WH counsel’s letter to Rep. Cummings reveals legal strategy to fight probes

Children of President Donald Trump — Tiffany Trump (in white), Donald Trump Jr. (back left), and Eric Trump (center front) and wife Lara Trump (front right) — applaud during their father's State of the Union address on Jan. 30. (Tom Williams/CQ Roll Call file photo)
Children of President Donald Trump — Tiffany Trump (in white), Donald Trump Jr. (back left), and Eric Trump (center front) and wife Lara Trump (front right) — applaud during their father's State of the Union address on Jan. 30. (Tom Williams/CQ Roll Call file photo)

ANALYSIS — It was a remarkable 24-hour reversal, with President Donald Trump first saying Monday he cooperates with “everybody” before turning to an unlikely source for a precedent to reject House Democrats’ demands for reams of documents: Barack Obama.

House Democratic chairmen of committees in the embryonic stages of investigations into all things Trump have requested documents from and interviews with a long list of individuals and entities related to the president’s time in office, 2016 campaign and business dealings. Trump seemed willing to, at least in some form, comply with some of those requests when he said this on Monday: “I cooperate all the time, with everybody.

But by the next afternoon, it appeared the president had been trying to buy time for his aides to determine the extent to which they believe the law will require White House compliance. As he often does — even as White House Counsel Pat Cipollone told House Oversight and Reform Chairman Elijah Cummings that “we are prepared to continue negotiations in good faith” — the president went to the most extreme option, appearing to reverse himself.

“President Obama, from what they tell me, was under a similar kind of a thing, didn’t get one letter. They didn’t do anything,” he said Tuesday, meaning the Obama White House simply ignored congressional requests. Here are three things to expect from the White House and Trump associates as House Democrats bore deeper and deeper into all things Trump.

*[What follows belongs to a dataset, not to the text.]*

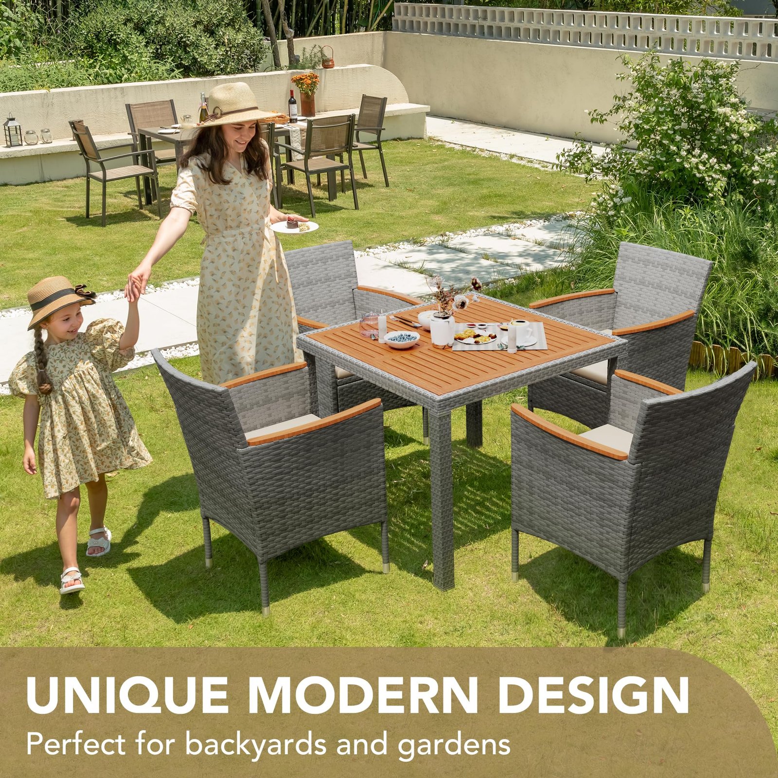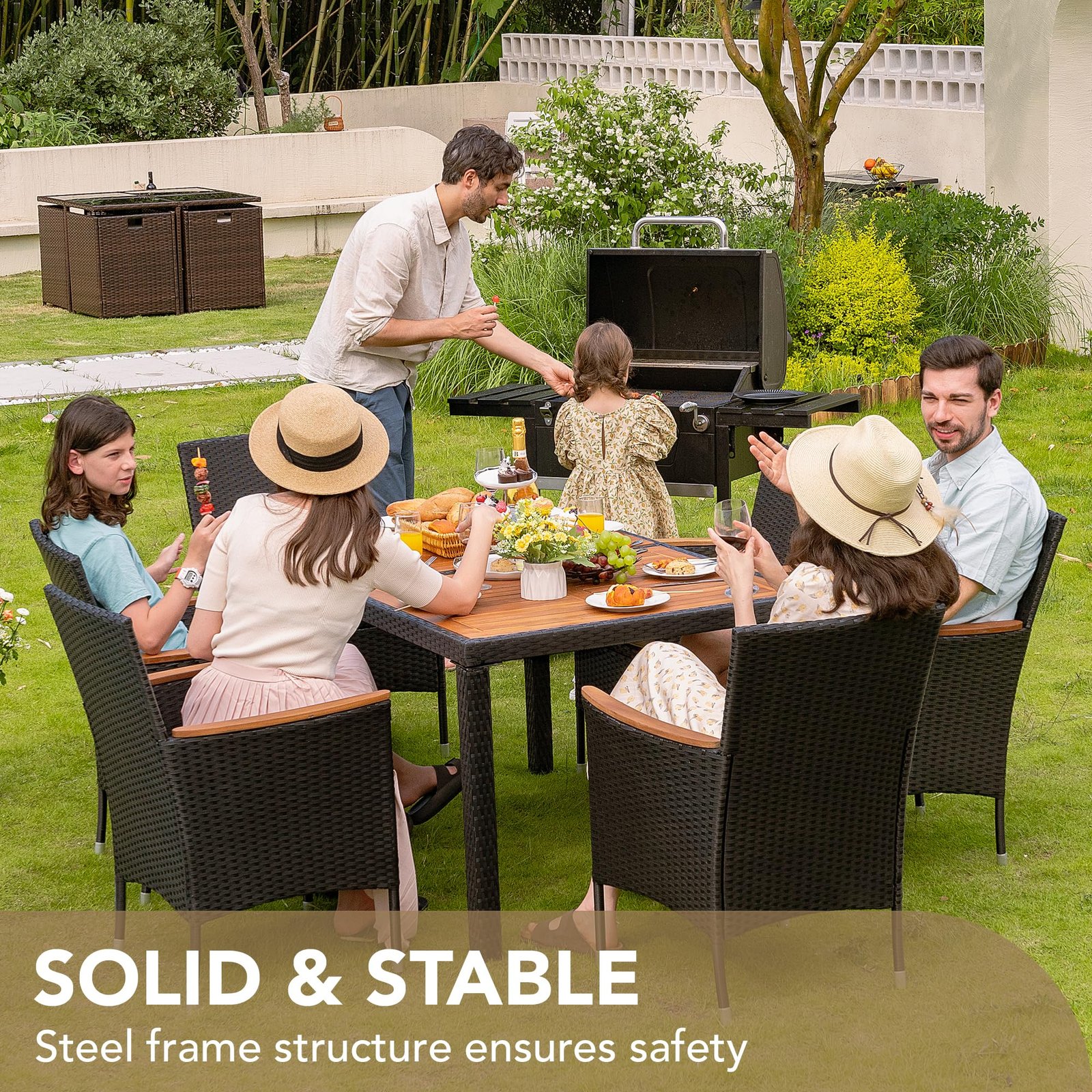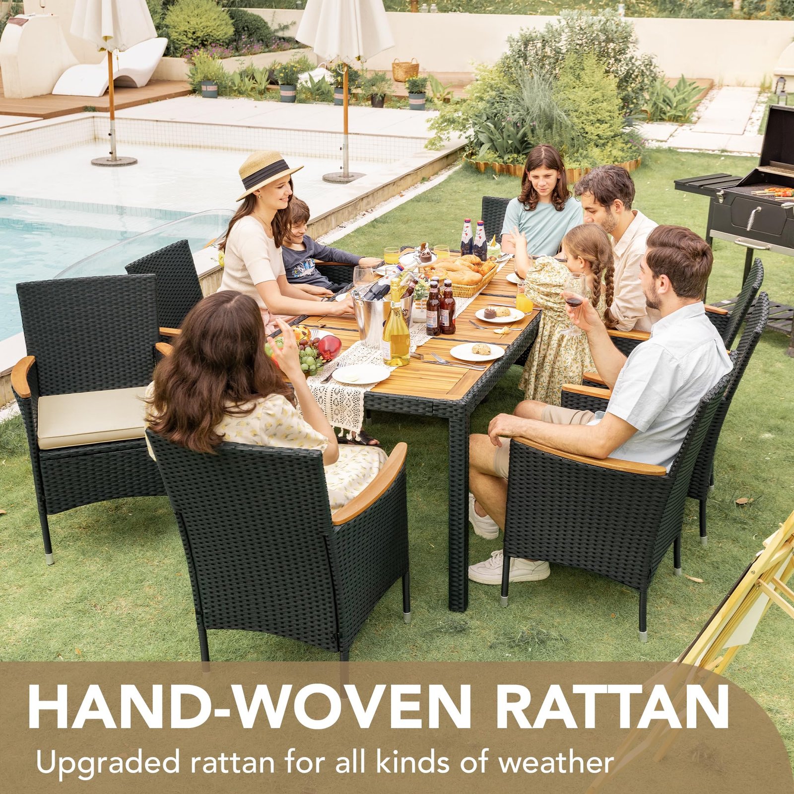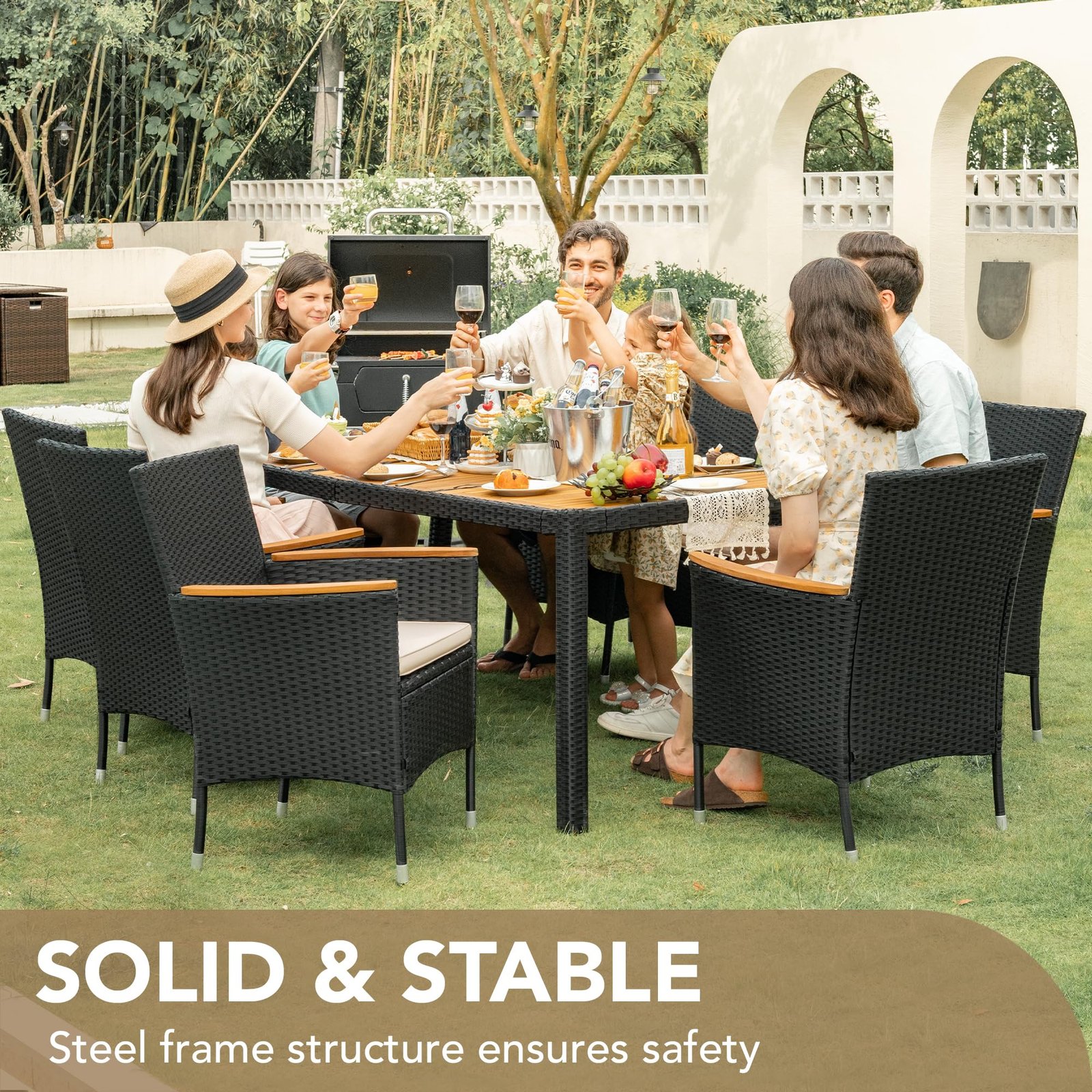 · Natural & Beautiful: The classic patio table and chair set is the perfect addition to your outdoor space. Devoko outdoor dining set consists of 1 table and 8 chairs. Perfect for parties or relaxing with family and friends on the garden or terrace.

‘Prerogatives of the president’

Though a senior White House official acknowledged earlier this week that the president and senior West Wing aides largely will wage a public relations fight against the House Democrats’ probes, there also is a Cipollone-led legal fight already underway.

[Trump threatens gridlock as House investigations heat up]

Cipollone on Monday responded to Cummings’ request for information about the White House’s process for approving security clearances amid media reports that presidential adviser and son-in-law Jared Kushner got a top secret clearance only after the president overruled several former top aides. His letter to the chairman provides clues into the White House’s legal strategy.

The letter includes references to “prerogatives of the president” and points to what he describes as a “constitutionally-mandated accommodation process” under which any White House should consider requests from Congress. The White House counsel also charged Cummings with showing “no willingness to accommodate [legitimate] Executive Branch prerogatives, as required under the Constitution.”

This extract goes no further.